Elhasıl, ehl-i hak olan şefaat eder. Bu şefaat meselesine aynı ifade tarzlı ayetleriyle Enbiya suresi de katılıyor, 26. ve 27. âyetleriyle…
Namaz ve Rıza Hakikati
Taha suresi 30. âyeti 5 vakit namazı tam kılan kişinin “rıza” ya ereceğini bildirir. Yani o kişi Rabbinden razı olur; hayatından memnun olur. Hiçbir şeye ve kişiye takılmaz, tevhidi yakalayacak bir iç aydınlığı olan nura kavuşur. “Güneş doğmadan önce ve doğduktan sonra Rabbini hamd ile tesbih et! Gecenin içinde ve gündüzün uçlarında da namaz kıl!”
Bu âyet sabah ve akşam, yatsı ve teheccüd ile, duha-öğlen ve ikindi namazlarını içine alıyor. Böylece namaz 7 vakit gibi oluyor. 5 tanesi farz, 2 tanesi müekked sünnet şeklinde… Bunları yapan kişi rıza-yı Rahmân’a erişir.

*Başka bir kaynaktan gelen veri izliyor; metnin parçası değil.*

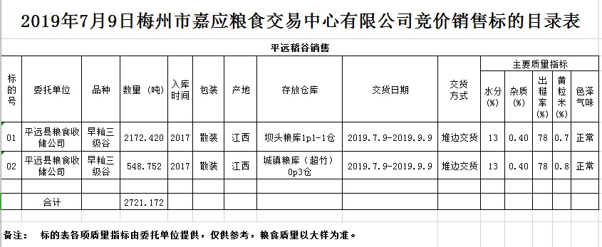 受客戶委托,梅州市嘉應(yīng)糧食交易中心有限公司定于2019年7月9日(星期二)舉辦糧食競(jìng)價(jià)交易會(huì),平遠(yuǎn)縣糧食收儲(chǔ)公司擬銷售2017年早秈稻2721.172噸。
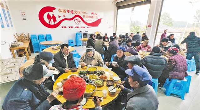 从那天起,全村老人都能吃上免费的“热乎饭”。平时五六桌,农忙、开会、过节有二三十桌。年底外出村民回来,更是上百桌。行动不便的,村干部还送餐上门。
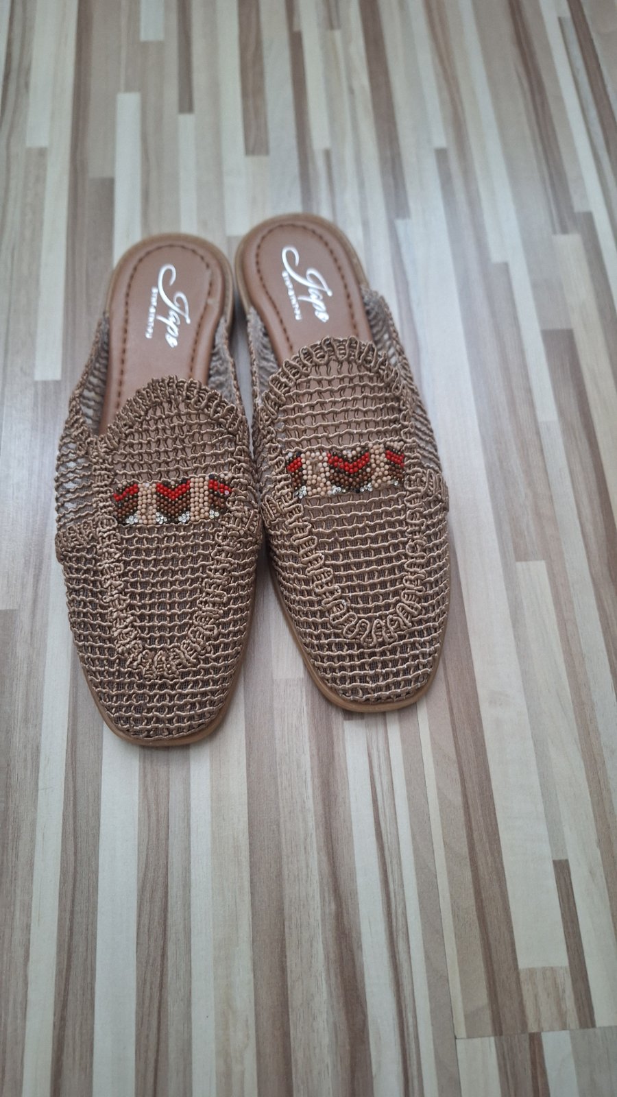 Šľapky veľkosť uvedená 40, UK 7, ale sú menšie tak na 39 sedia veľkosťou. Majú kožené vnútro. Kupované v Taliansku. Farba je svetlá zlato hnedá
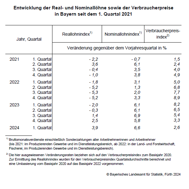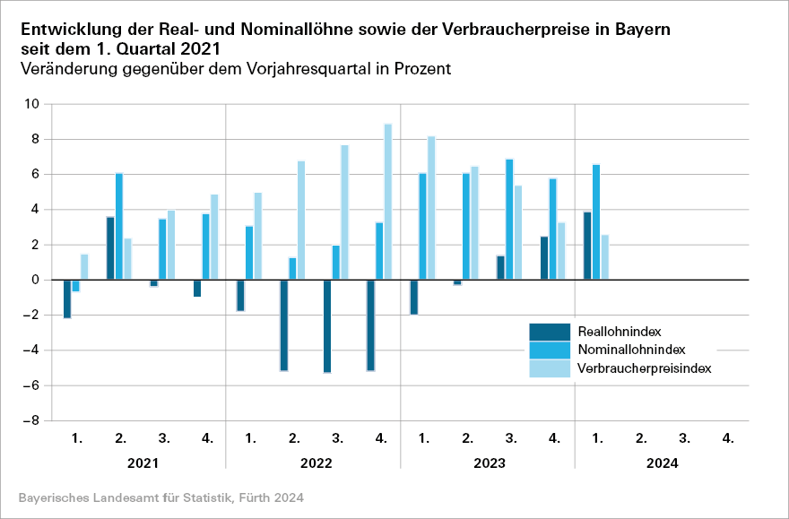 Fürth. Die Nominallöhne der Arbeitnehmerinnen und Arbeitnehmer in Bayern steigen im ersten Quartal 2024 um durchschnittlich 6,6 Prozent gegenüber dem Vorjahresquartal. Dies ist der zweithöchste Nominallohnzuwachs für die bayerischen Beschäftigten seit Beginn der Zeitreihe im Jahr 2008. Die Verbraucherpreise nehmen im ersten Quartal 2024 im Vergleich zum ersten Quartal des Vorjahres um 2,6 Prozent zu. Wie das Fachteam im Bayerischen Landesamt für Statistik weiter mitteilt, errechnet sich für die Reallöhne im Freistaat im ersten Quartal 2024 ein Zuwachs um 3,9 Prozent. Das ist der stärkste Anstieg der realen Verdienste in einem Berichtsquartal seit Beginn der Zeitreihe 2008.
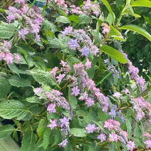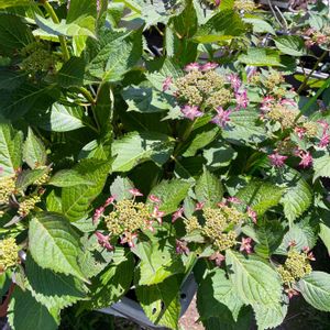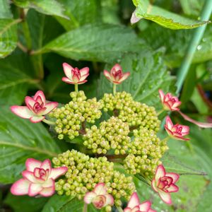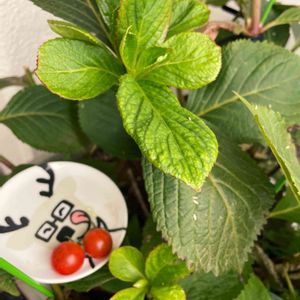 令和4年8月18(木)雨☔️ ガクアジサイ ひな祭り 花が終わって新芽🌱の上で✂️カット後です。今朝収穫の種蒔きミニトマト🍅🍅もいっしょに📸

Vahye Tabi Bir Hayatın Maddi Boyuta Katkıları
Taha suresi 123-124. âyetlerle Allah diyor ki:” Hidayet verici olarak resulleri size göndereceğim. Onlara kim tâbi olursa o dalalete sapmaz ve mutsuz da olmaz. Fakat zikrim olan vahiy ve hidayetten kim yüz çevirirse, ona dünyada dar ve sıkıştırıcı bir maişet ve yaşayış vardır; mahşerde ise her iki gözü de kör olarak diriltilir.” Bu âyetlerde şöyle bir vaad var: “Kur’ana harfiyen uyan için nefsini azaptan kurtaran bir hidayet ve nur olacak; mal ve mülk noktasında da o bir ferahlık içinde yaşayacak.” Dünyanın mevcud manzarası bu âyetteki vaade zıt gözükse de hakikatte öyle değildir. Çünkü gelirin bol olması, mal ve mülkün kişiyi sıkmayacağı, ruhuna ferah vereceği manasına gelmiyor. Zengindir ama mutsuzdur. Hem zenginlik helal yoldan kazanılmış ise, hidayet kitabı olan vahyin düsturuna uyulduğu içindir. Bu da yine vahyin mahsulüdür, vahyin doğruluğunun delili olur. Haram mal ise, akıbette de zarardır; maneviyatını öldürmekle de zarardır; hem Âhrette de zarar üstüne zarardır. Allah için adanmış bir hayatta maddi ve manevi ferah, genişlik, saadet ve istikamet vardır. Bilfiil de görünüyor, yaşanılıyor.
Ehl-i Zikir Kimlerdir? Kadınlardan Peygamber Gelmiş midir?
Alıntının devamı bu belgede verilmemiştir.